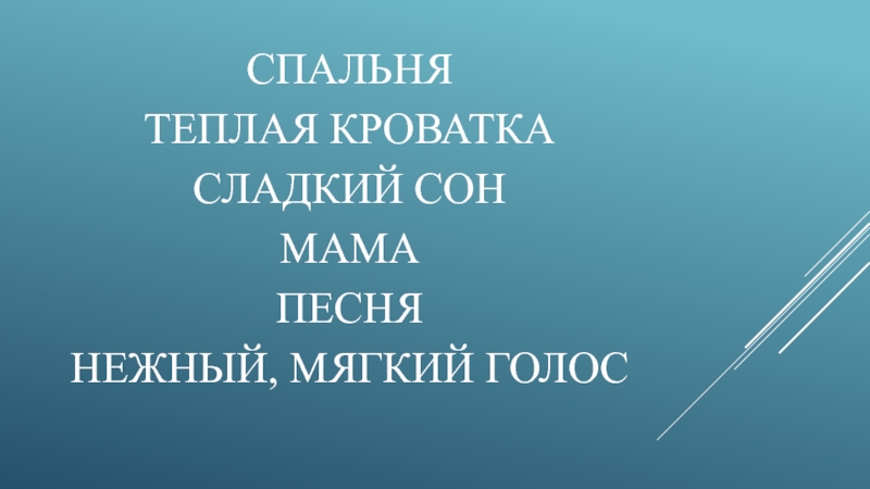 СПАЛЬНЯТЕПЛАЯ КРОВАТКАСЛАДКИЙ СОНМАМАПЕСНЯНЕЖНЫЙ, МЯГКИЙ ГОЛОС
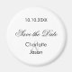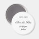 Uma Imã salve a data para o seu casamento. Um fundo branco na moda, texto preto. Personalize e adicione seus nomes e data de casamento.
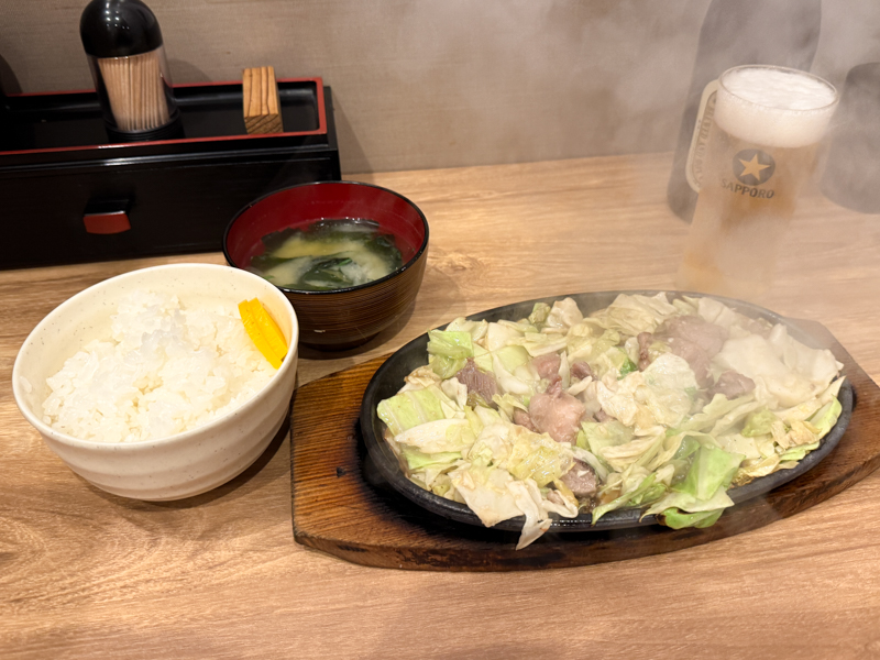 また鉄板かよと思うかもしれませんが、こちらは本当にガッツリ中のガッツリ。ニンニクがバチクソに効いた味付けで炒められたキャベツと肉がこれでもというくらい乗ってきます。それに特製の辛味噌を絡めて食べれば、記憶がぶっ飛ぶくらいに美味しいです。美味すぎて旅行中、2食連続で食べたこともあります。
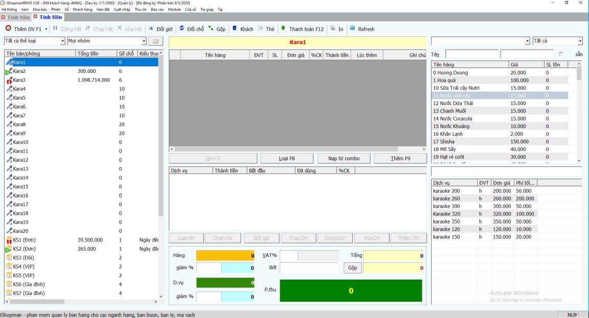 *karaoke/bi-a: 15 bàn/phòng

...

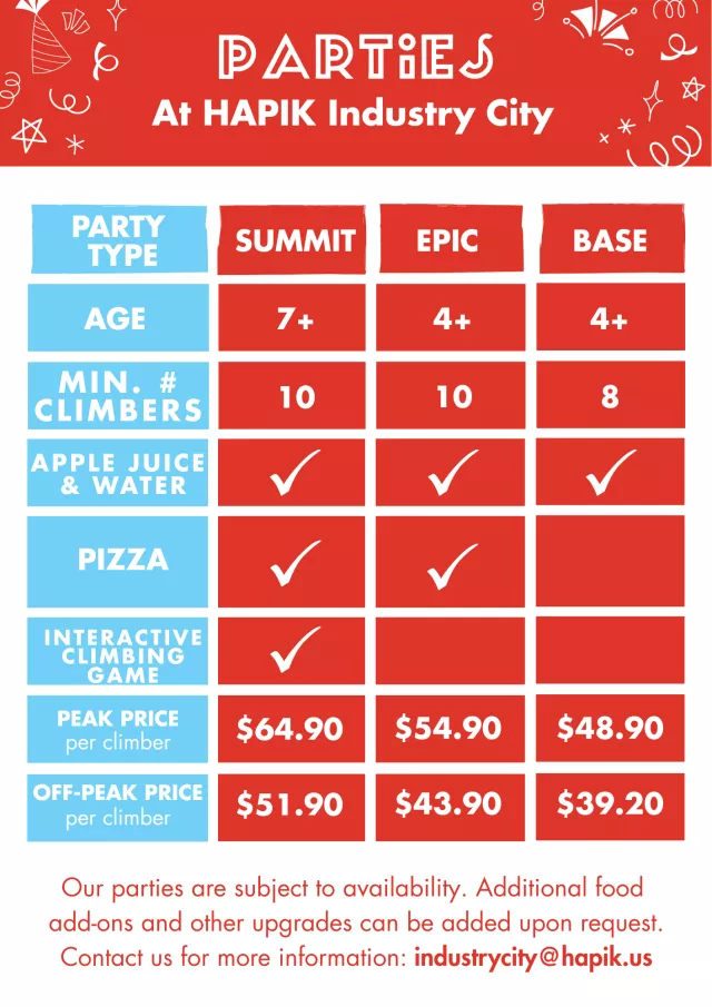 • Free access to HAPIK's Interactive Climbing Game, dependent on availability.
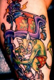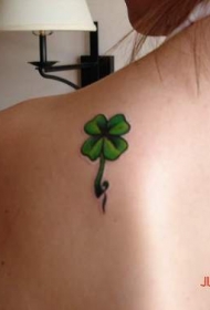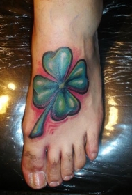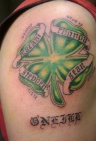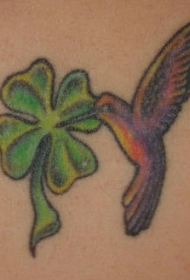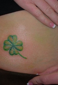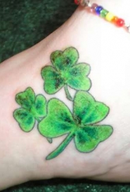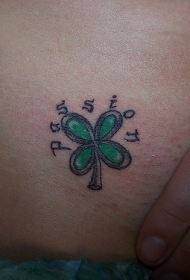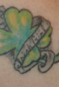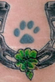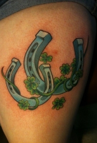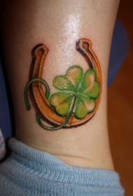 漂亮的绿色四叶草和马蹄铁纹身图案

...

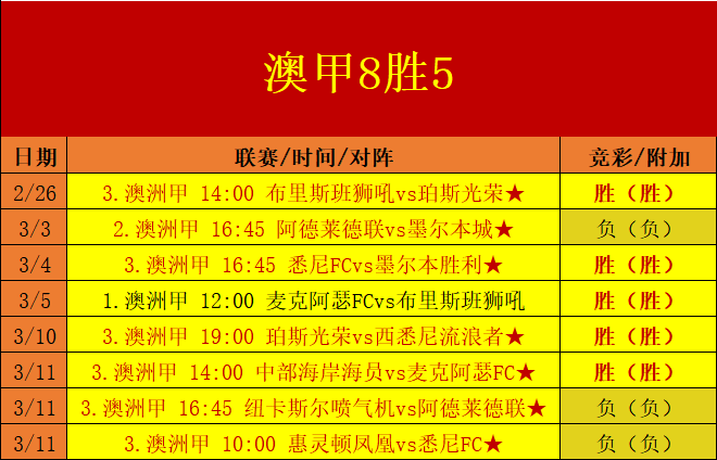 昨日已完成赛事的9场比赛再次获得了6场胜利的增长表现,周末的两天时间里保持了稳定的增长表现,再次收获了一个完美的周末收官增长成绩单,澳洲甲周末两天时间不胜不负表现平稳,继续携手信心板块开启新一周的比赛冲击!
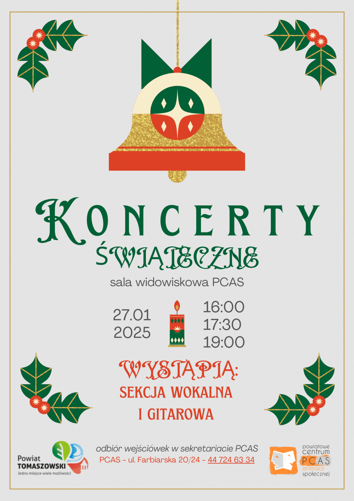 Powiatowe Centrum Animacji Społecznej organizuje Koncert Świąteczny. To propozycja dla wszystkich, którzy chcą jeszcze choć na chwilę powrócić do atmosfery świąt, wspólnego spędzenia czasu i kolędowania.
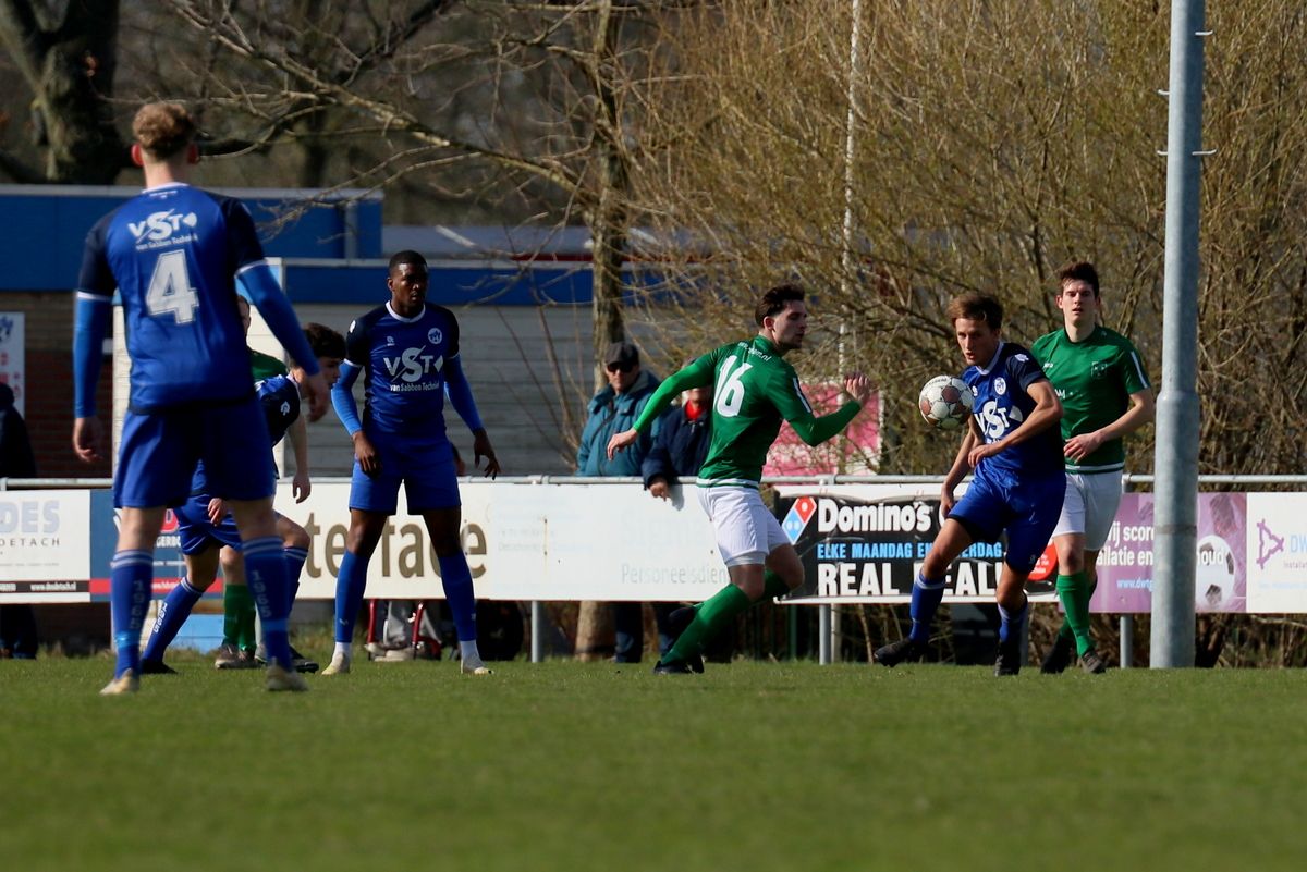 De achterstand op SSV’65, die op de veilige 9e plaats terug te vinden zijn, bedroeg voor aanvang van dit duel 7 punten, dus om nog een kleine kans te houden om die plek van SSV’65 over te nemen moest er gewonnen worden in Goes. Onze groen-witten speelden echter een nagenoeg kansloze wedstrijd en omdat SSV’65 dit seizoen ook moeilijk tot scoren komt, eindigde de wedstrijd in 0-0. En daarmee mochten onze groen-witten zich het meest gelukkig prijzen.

**PROBLEM DESCRIPTION**
Return exactly the stretch above whose first line contains "dependent on availability." and whose last line contains "漂亮的绿色四叶草和马蹄铁纹身图案", and nothing outside it. The pictures should not appear.

**YOUR RESPONSE**
 • Free access to HAPIK's Interactive Climbing Game, dependent on availability.
 漂亮的绿色四叶草和马蹄铁纹身图案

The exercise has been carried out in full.